I’m too lazy to look it up now but fairly sure it is in the early 802.3 standards. From memory the purpose was to limit the time taken up by a single frame when ethernet was a shared medium (CSMA/CD)
4 bytes per MPLS shim isn’t it?
~50 bytes for VXLAN.
9100 gives you 14 MPLS labels, what if you decide to do SRv6, I know of companies then they run into the exact problem I described.
Glad you found it useful! You’re welcome 
Don’t forget alot of customers may want to build tunnels for various reasons as well. Even with private carrier mpls, it’s not a bad idea to encrypt your traffic since you don’t control the carriers equipment. Not to mention sdwan where customers still want/need the higher sla of mpls/metro e for certain traffic.
We’re using Flex Algo for TE to minimize the label stack. Not a fan of SRv6 and would never deploy it. We’d prefer SR-MPLS IPv6 when vendors start supporting VPNv4 over IPv6. Maybe SRm6 but on a Cisco core right now and their focus is SRv6.
yeah i agree SRv6 isn’t that appealing to a lot of SP, it just adds complexity, and let’s be honest a lot of NE working at even tier-1s are idiots.

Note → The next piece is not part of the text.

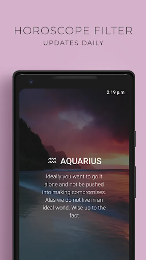 Personalize your phone in 2-3 taps: Simply browse, select the nature scene you love, customize with a calendar or daily horoscope filter (optional), and SET!

I’m pissed at the lack of support of VPNv4 over IPv6. I could have had a native IPv6 core for several years now with existing hardware. Aside from complexity, SRv6 would require all new hardware to do TE.
Most of the job can be done following templates and SOPs, so you don’t necessarily need high competency in most roles. It becomes problematic when the Architect and Sr Engineers lack competence.